Y lo que hacía este personaje de pequeño ¿no sería por un afán de conseguir superpoderes? como le pasó a ese joven empollón que por la picadura de una araña electrocutada -¿o era radioactiva?- se pegaba a las paredes como la humedad en el invierno.

Ay Instigador, que me encanta que hayas aceptado el reto! Un beso grande, compañero!!

samuel dijo...

Lo he disfrutado este relato! Abrazos

Xiketä dijo...

Anda que no!!
Que no fastidia ni "ná" cuando te dan rampas durmiendo...que se te tensan tanto los músculos que parece que te esté creciendo la pierna, dedo o lo que sea....
Respecto a las corrientes vagabundas éstas...no lo había oído, pero, desde luego, que la energía me deja a-no-na-da-da.
Mira que no querer ni pastar, ni topos, ni nada?

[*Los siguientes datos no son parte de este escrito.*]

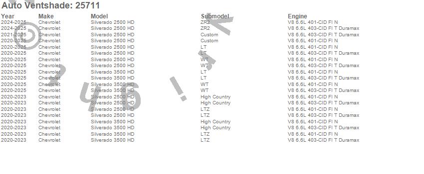Below is an abbreviated list of applications for the Bugflector II Stone/Bug Deflector.Silverado 2500 HD, Silverado 3500 HD, Chevrolet, 2025, 2024, 2023, 2022, 2021, 2020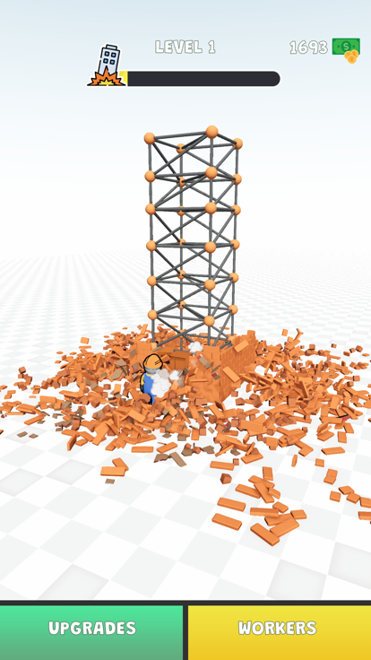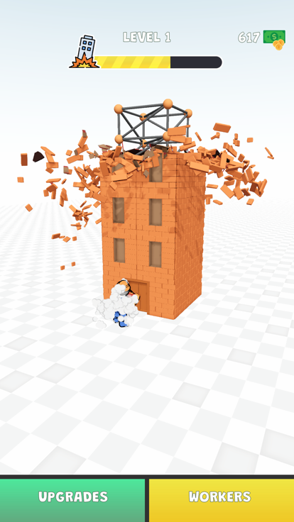 Tap as fast as possible to demolish the building. Buy new workers to help you and destroy all the buildings.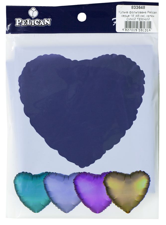 Шарик фольгированный PELICAN сердце 18 "(45см) сатин синий темый (5шт) Разноцветный Pelican (833648)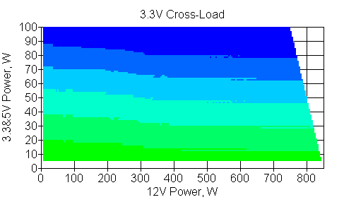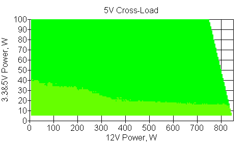 Следующим этапом инструментального тестирования является построение кросснагрузочной характеристики (КНХ) и представление ее на четвертьплоскости, ограниченной максимальной мощностью по шине 3,3&5 В с одной стороны (по оси ординат) и максимальной мощностью по шине 12 В с другой (по оси абсцисс). В каждой точке измеренное значение напряжения обозначается цветовым маркером в зависимости от отклонения от номинального значения.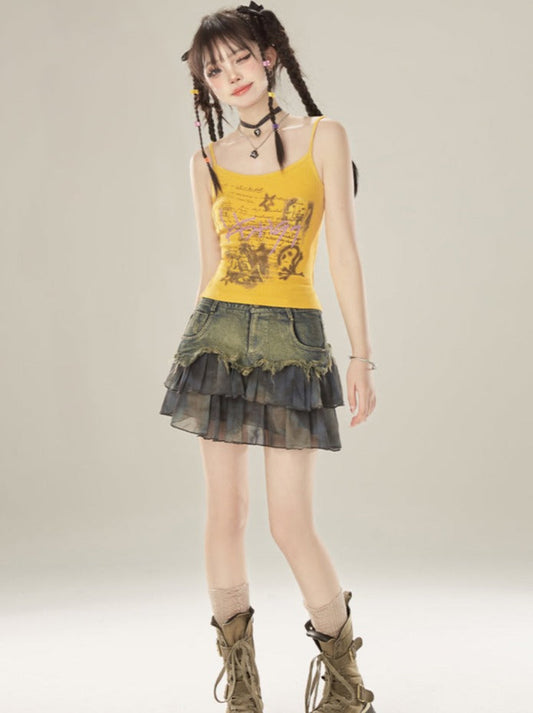 Paint Print Oil French Ruffle Skirt Strap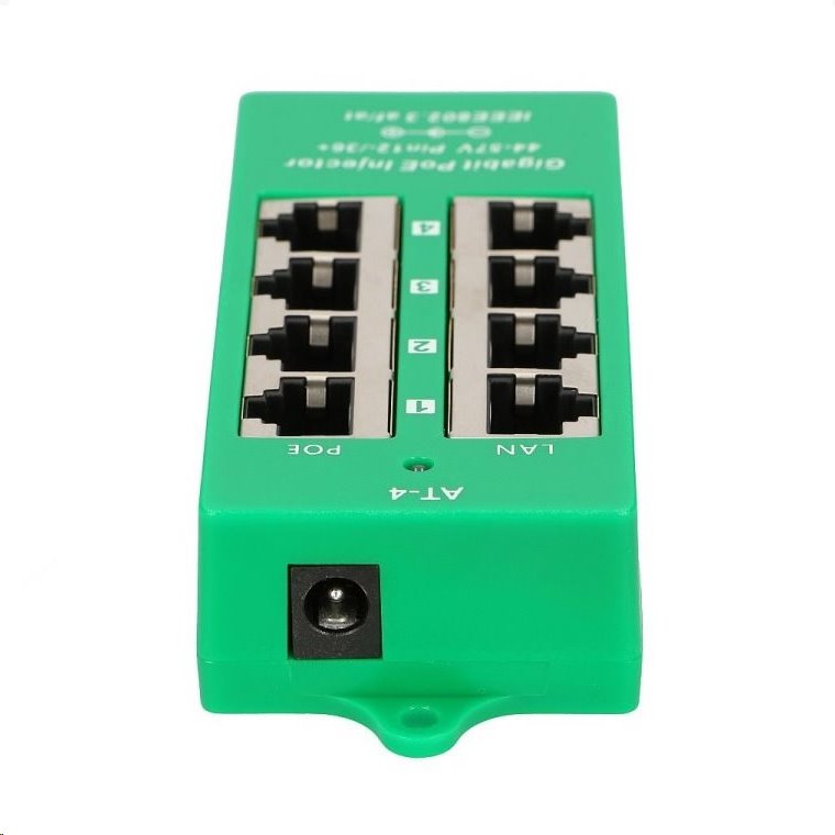 Panel integrující čtyři gigabitové PoE injektory s napájecím rozsahem 44-57 V a max. proudem 550 mA/port s podporou standardu 802.3af/at.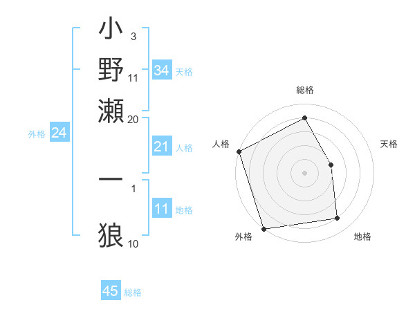 小野瀬 一狼さんを姓名の画数から五運を鑑定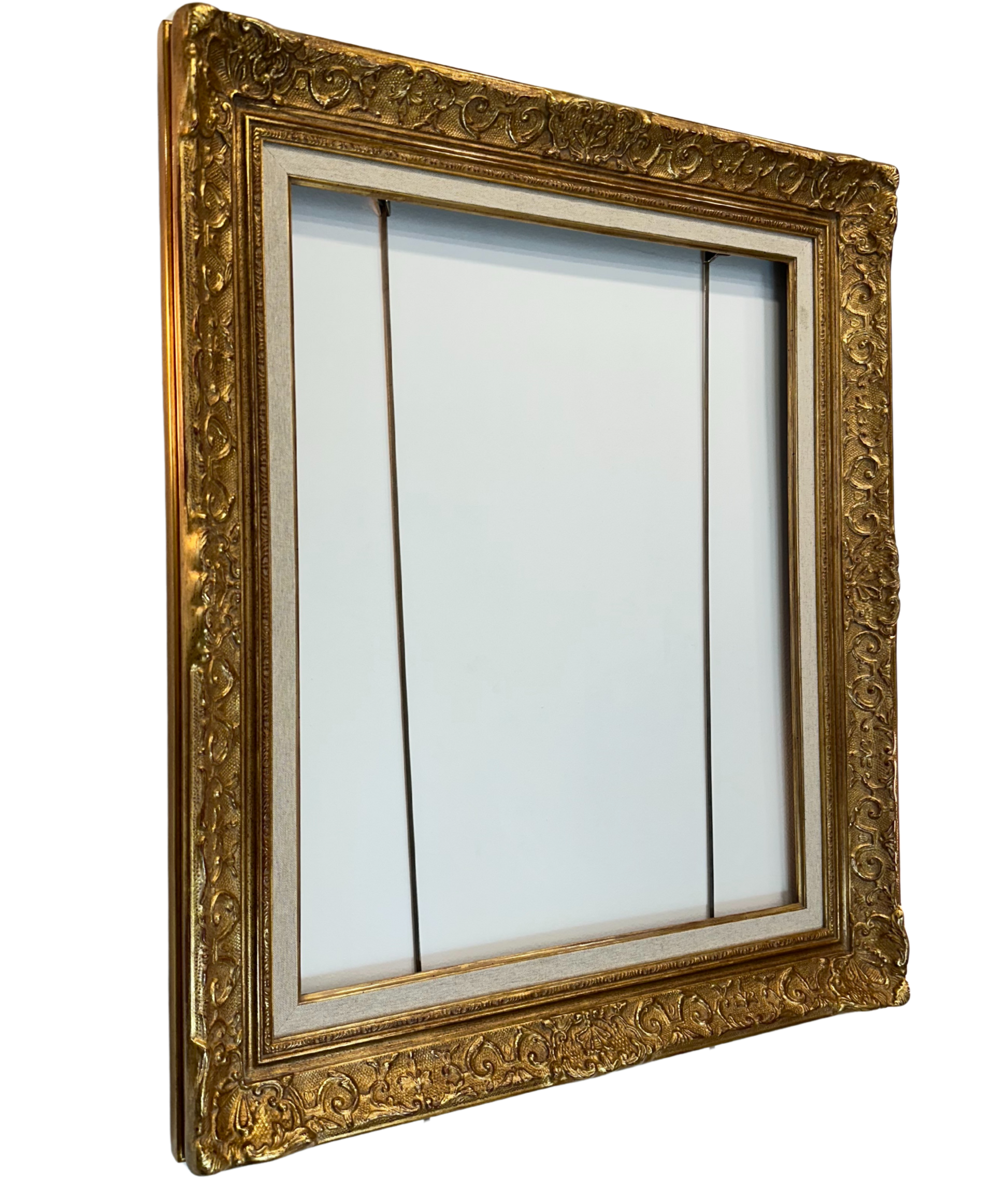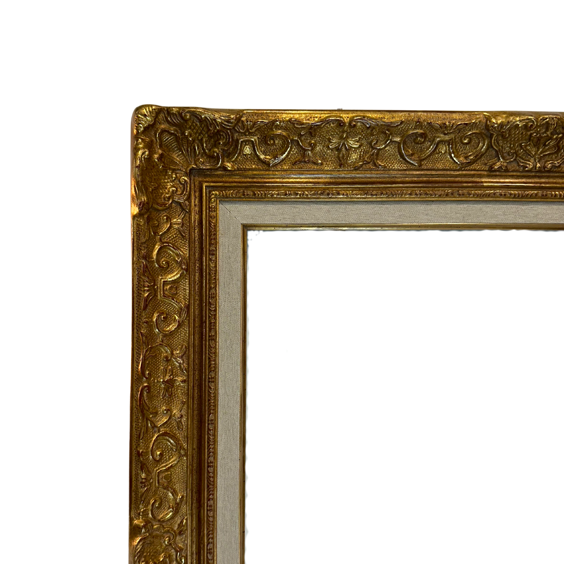 Cadre élégant de style Louis XIV avec une baguette dorée de 7,5 cm de largeur. Orné d'une frise décorative inspirée des motifs de Jean Bérain, ce modèle CL36 allie la magnificence du Grand Siècle à une finition soignée. Sa composition classique s'harmonise parfaitement avec les œuvres d'art traditionnelles tout en apportant une touche de noblesse à votre intérieur.

Si es que nos queda tanto por conocer...
Buen relato.
Besos
PD: me dejas muerta con lo del excalextric...jejejeje

EL INSTIGADOR dijo...

Tamara: Estoy a la espera. Gracias por tu benevolencia. Para que te voy a engañar, me gustan las lisonjas pero tengo la crítica feroz al otro lado de la cama.

Besos guapetona.

Avellaneda: A mi también me pasa. No me despego del humor negro ni cuando intento escribir en serio.
Ya sabes, cuando creáis conveniente.

Besos

Samuel: ME alegro de verte.

Saludos.

Xiketä: Los calambres son muy malos, pero peores son los que te electrocutan el corazón. Pensándolo bien, a lo mejor pruebo lo del excalextric. Seguro que mi vecino tiene uno.

Besos.

SOLOYO dijo...

jajajajajajaajjajaja...

De verdad que qué manera de hilar de temas!!!!

La historia de Eloy... simplemente genial, consigues darle a las palabras la cadencia justa que el propio personaje debe tener... o sea que por cómo escribes describes sin describir la personalidad del personaje... es genial...

La historia en primera persona... Dios mío qué grima!!!! no podía leer! no quería seguir leyendo! lo imaginaba, me ponía en situación.... ayyyyyyyyyy es que esas cosas me dan muchíiiiiiiisima grima.... lo del dedo digo, el resto... jajaja... surrealismos de los tuyos, geniales como siempre! jajaja

maría mariuki dijo...

¡¡¡Otra historia genial!!! Lo único que todavía me duele el pie de lo bien que lo cuentas.